VIENNA, May 24, 2016 — Baxter International Inc. (NYSE:BAX), a leading provider of dialysis therapies, previewed THERANOVA, a new class of dialysers1,2 with the potential to significantly advance renal care, at the 53rd Congress of the European Renal Association and European Dialysis and Transplant Association (ERA-EDTA).
THERANOVA is an innovative dialyser, designed to extend the range of toxins that can be filtered from the blood during haemodialysis. THERANOVA dialysers are indicated for treatment of chronic and acute renal failure by haemodialysis.
People with end-stage kidney disease retain toxins, including mid-sized and large solutes that may affect a range of biological functions and contribute to elevated cardiovascular risk.3 Standard haemodialysis is effective at removing small solutes, such as urea, but is ineffective in removing larger toxins.4
In data being presented at the Congress, the permeability and selectivity properties of the THERANOVA membrane demonstrated significantly higher mean overall toxin clearance compared to the currently marketed high-flux dialysers (Abstract #SP416).
In vitro studies show that the THERANOVA dialyser delivers clearances of large uremic toxins (such as β-2 microglobulin) that are equivalent to and may exceed those of a hemodiafilter used in high-volume hemodiafiltration (HDF) mode.5,6 HDF is a dialysis therapy that also targets larger molecules.
“Our ultimate goal is to introduce innovations that will enable haemodialysis to more closely mimic the function of the natural kidney,” said Marcus Schabacker, corporate vice president and chief scientific officer, Baxter. “With THERANOVA, we are introducing an innovative dialyser that has the potential to improve care for the more than two million people globally who rely on haemodialysis. THERANOVA offers clinicians a more efficient way to deliver haemodialysis without sacrificing performance.”
In addition to its unique filtration profile, THERANOVA was designed to work with most standard haemodialysis machines. This eliminates the need for special equipment and ultrapure fluids, which is required for HDF. By providing HDF performance from a standard haemodialysis treatment, while avoiding the costs and complexity associated with high-volume HDF, THERANOVA has the potential to raise the standard of care for haemodialysis patients.
Building on 60 years of scientific expertise in haemodialysis and advanced membrane technology, Baxter researchers developed THERANOVA at its R&D facility in Hechingen, Germany.
Baxter has completed regulatory clearance for THERANOVA in Europe (CE marking), Australia and New Zealand, among other countries. It will be available in select countries in 2016, with additional launches planned for 2017. THERANOVA is not currently available in the United States.

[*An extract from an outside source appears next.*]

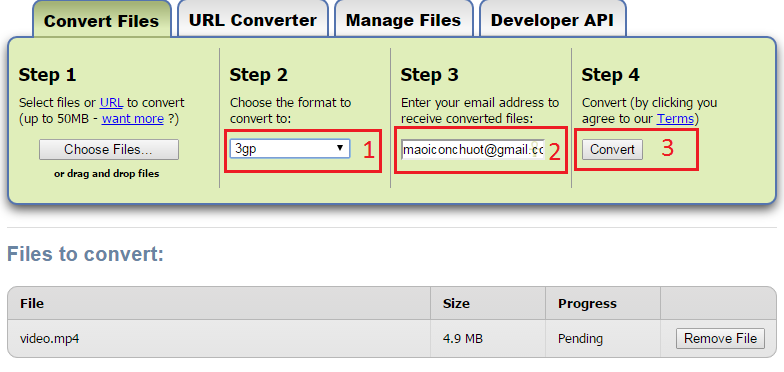 Bước 4: Chọn định dạng đầu ra cho video cần convert(1), điền email của bạn(2) sau đó click Convert(3)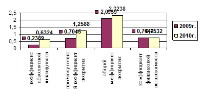 Кредиторская задолженность оборачивалась в 2009г. 19,61 раз за год, и к 2009г. показатель уменьшился до 18,92 оборотов за год. Период одного оборота соответственно в динамике увеличился с 18,61 дней в 2009г., 19,29 дней в 2010г. Это указывает на то, что хлебокомбинат стал рассчитываться со своими поставщиками медленнее, что является негативной тенденцией и может быть следствием снижения эффективности работы с дебиторской задолженностью.

For prescription only. For safe and proper use of THERANOVA, refer to the complete instructions in the Operator's Manual.
Baxter provides a broad portfolio of essential renal and hospital products, including home, acute and in-center dialysis; sterile IV solutions; infusion systems and devices; parenteral nutrition; biosurgery products and anesthetics; and pharmacy automation, software and services. The company’s global footprint and the critical nature of its products and services play a key role in expanding access to healthcare in emerging and developed countries. Baxter’s employees worldwide are building upon the company’s rich heritage of medical breakthroughs to advance the next generation of healthcare innovations that enable patient care.
This release includes forward-looking statements concerning THERANOVA, one of Baxter’s dialysis membranes, including expectations regarding the planned launch of THERANOVA, its potential impact on patients and benefits associated with its use. The statements are based on assumptions about many important factors, including the following, which could cause actual results to differ materially from those in the forward-looking statements: actions of regulatory bodies and other governmental authorities; satisfaction of regulatory and other requirements; product quality or patient safety issues; changes in laws and regulations; and other risks identified in Baxter’s most recent filing on Form 10-K and other SEC filings, all of which are available on Baxter’s website. Baxter does not undertake to update its forward-looking statements.
Baxter and Theranova are registered trademarks of Baxter International Inc.
1Boschetti-de-Fierro A, et al. MCO membranes: Enhanced selectivity in high-flux class. Sci Rep 2015; 5:18448.
2Krause B, et al. Highly selective membranes for blood purification. Abstract accepted for Euromembrane Congress; Aachen (Germany) 2015. [Abstract E139].
3Leypoldt K, et al; Clearance of Middle Molecules during Haemodialysis and Haemodiafiltration: New Insights. Nephrology Dialysis Transplantation (2012); 27 (12): 4245-4247. doi: 10.1093.
4Tattersall and Ward; Online Haemodiafiltration: Definition, Dose Quantification and Safety Revisited; Nephrology Dialysis Transplantation (2013); 10.1093.
5Boschetti-de-Fierro A, et al. MCO membranes: Enhanced selectivity in high-flux class. Sci Rep 2015; 5:18448.
6Boschetti-de-Fierro A, et al. Enhanced HD membrane reaches equivalent performance as HDF. Abstract accepted at the 52nd EDTA-ERA congress London (United Kingdom) 2015. [Abstract FP489].